Moustache spoke very quietly to Driver in Polish so that Natalia couldn't hear. Driver nodded and left the room. They were starting to frighten her badly now.
“Are you in secret service too, dear woman?” Moustache asked her, as he lit another cigarette.
“No, I'm not.”
“We know that. We know that. Do you think we would not know that already?” Natalia said nothing.
“I have just asked you something,” he said.
“I don't know what you would know about me,” she said.
“You don't.”
“No.”
“You are sure?”
“Yes.”
“About what?”
“What do you mean?”
“What are you sure about?”
Natalia realized the aggression would come soon. With a personality like this there could be very few correct answers.
“I don't know what you mean,” she said.
“You don't.”
“No. I'm sorry.”
He liked that. He liked women to be sorry, Natalia suspected. Her apology was like a small treat thrown to a dog. He enjoyed it privately for a moment. Then he called out to his partner: “Feliks!”
Moustache grinned at her as Feliks came down the long hallway from another room.
“We must have a witness, correct? Feliks likes to witness these things.”
Again there was a low whispered conversation in Polish.
“We will start this right away, because we do not have time to frig around, like Americans say,” Moustache said.
Feliks moved his head and shoulders around in small circles, as if his muscles were stiff. Moustache walked over to where Natalia sat in the overstuffed old armchair and pushed his knees up against hers as he stood over her.
“There is something we would like to know, dear woman, and you will tell us about it tonight.

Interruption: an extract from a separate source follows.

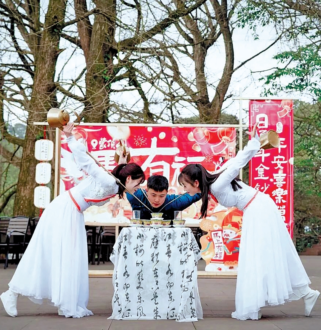 蒙顶山景区为游客推出茶技表演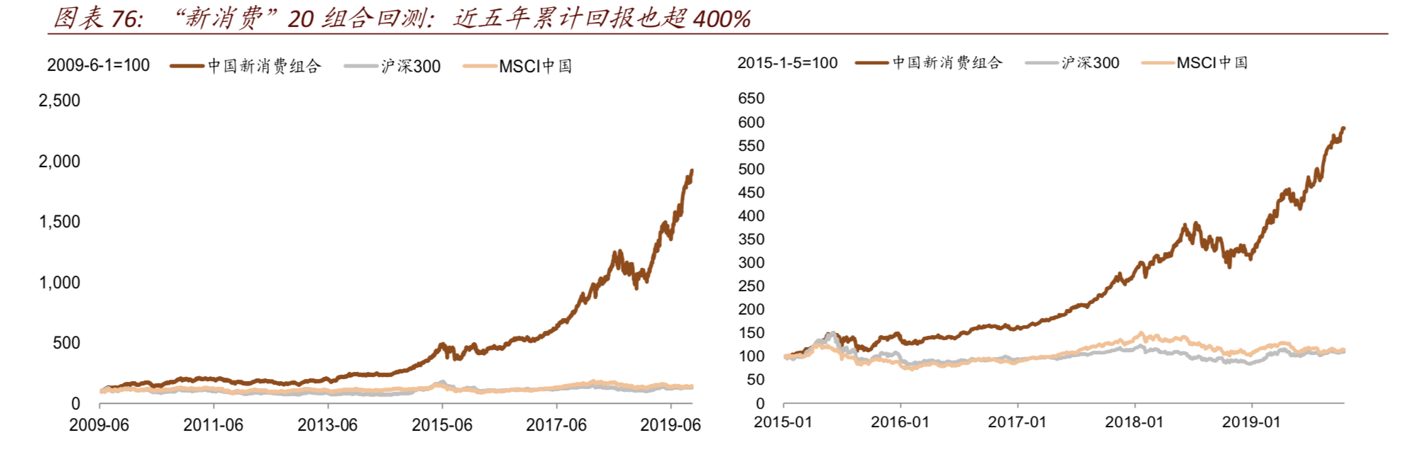 在历史回测中,“新消费”20组合指数表现优异,在绝大多数年份跑赢大市,5年年复合回报率达到48%,超额收益显著。

Then, after you have told us, your boyfriend will come here and we will get him to tell us too. Then we will see which story we like best.” Now Natalia was afraid.

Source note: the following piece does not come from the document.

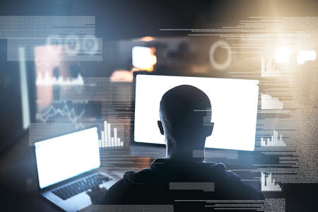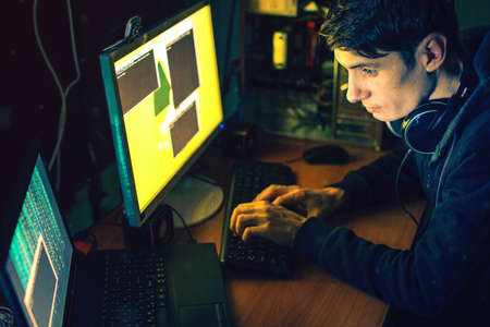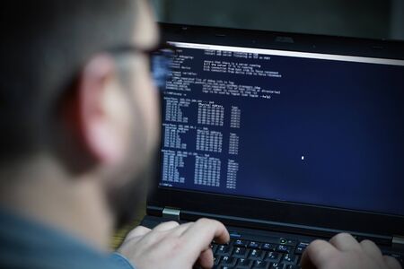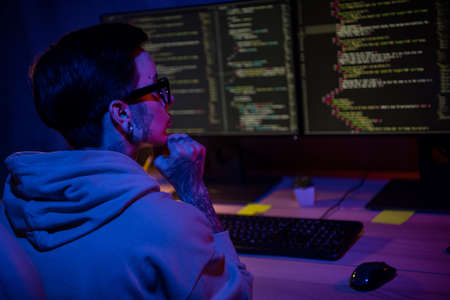 Hacker in glasses breaking code. Criminal hacker penetrating network system from his dark hacker room. Computer program writer at work. Rear view.

“In our business of work, we have to find out many little things, always little things people know and do not wish to tell. It happens so often. I am good at this work. Feliks too, but I am better. Correct, Feliks?”

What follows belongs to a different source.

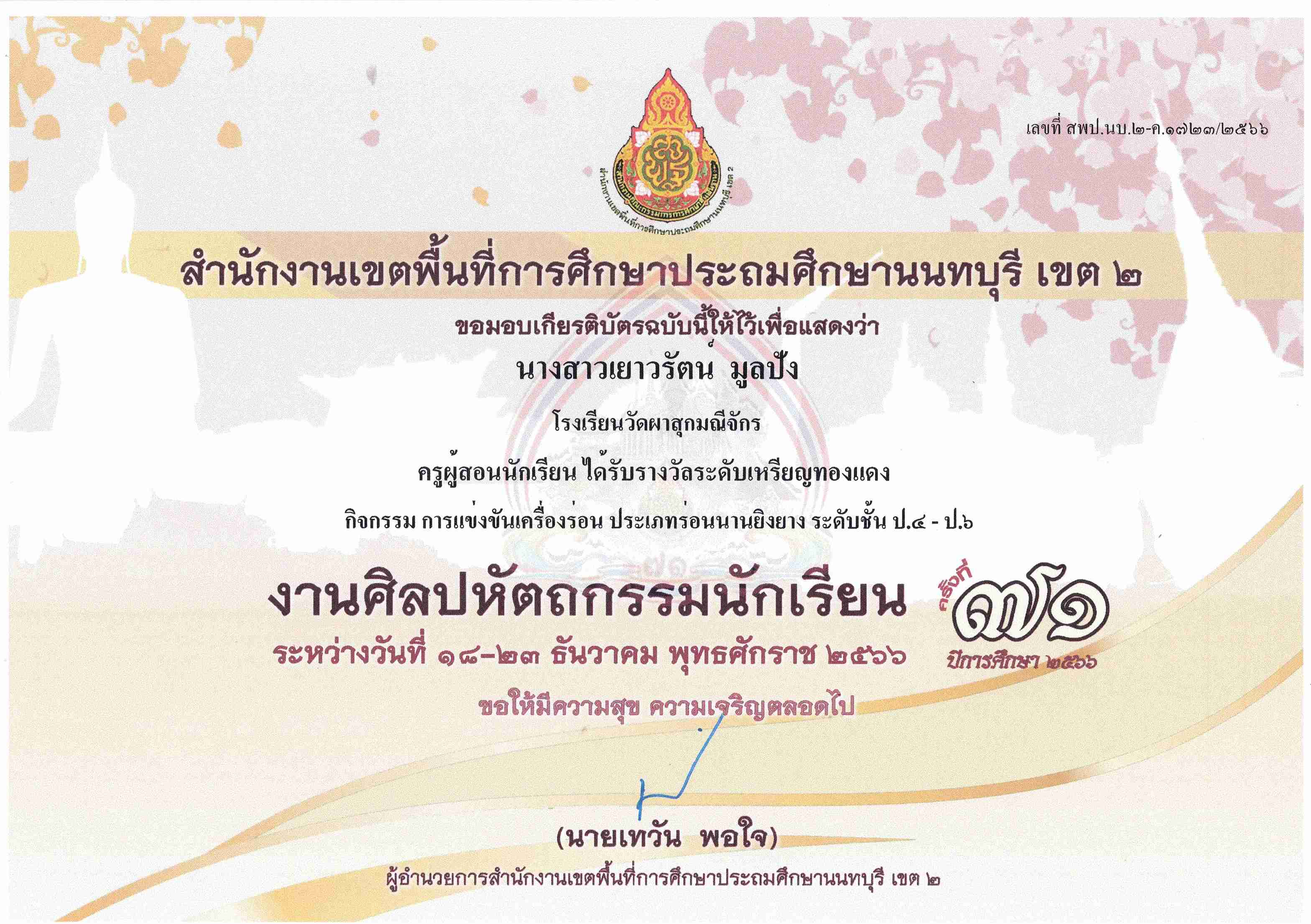 ชื่อผลงาน : ครูผู้ฝึกสอนนักเรียน ได้รับรางวัลระดับเหรียญทองแดง กิจกรรม แข่งขันเครื่องร่อน ประเภทร่อนนานยิงยาง งานศิลปหัตถกรรม ครั้งที่ ๗๑

Feliks nodded, but said nothing.
“Why am I better than Feliks at this work, dear woman? Why?”
“I couldn't say.” Natalia wanted now to be very careful in her phrasing of anything, as one must be when dealing with psychotic personalities.
“Why couldn't you say, dear woman? Why wouldn't you say?”
“I don't know why you are better.”
“Here is why I am better. It is exactly because Feliks asks people questions and then, after a while, he hurts them and asks them some more and then eventually they tell him. But I myself like to make clear to people first what it is that is happening, and then they cannot be unclear. You see? Make things clear first, and then ask questions next, after that? You see?”